Ленька присел на специальную табуретку у приставного стола, облокотился даже с устатку.
— Как сидишь! На базаре? Руки — на колени!
Ну, хрен с тобой, на колени так на колени, а дальше что?
Короче, положил Пустоваленко перед собой лист упругой лощеной бумаги, а на том листе — даже отсюда, через два стола видно — огромные буквы, как газетный лозунг под праздник 1-го Мая «ПРОТОКОЛ ДОПРОСА».
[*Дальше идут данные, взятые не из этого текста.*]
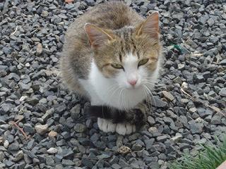 猫も外がいいようだ(ブドウのビニールが破れるではないか。コラッ降りろーっ)。
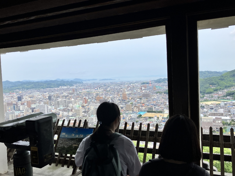 先日、レクリエーションとして松山城の見学へ行きました!(^^)! 午前中に出発し、お城の入り口までのんびり登山。 天守閣の最上階は、松山の街を一望できる絶好のロケーションでした(/^^)/

Не иначе — спятил кум. Какой допрос? О чем? Ленька последние дни себя тихо держит, как исправившийся. Устал, оголодал — это не секрет, но другого ничего не было. Не воровал, не убивал никого. А что в кондее загорал, так ведь то — прошлое дело…
Закурил кум толстую папиросу из коробочки, дымок через тонкие злые ноздри пустил и лениво так перо взял…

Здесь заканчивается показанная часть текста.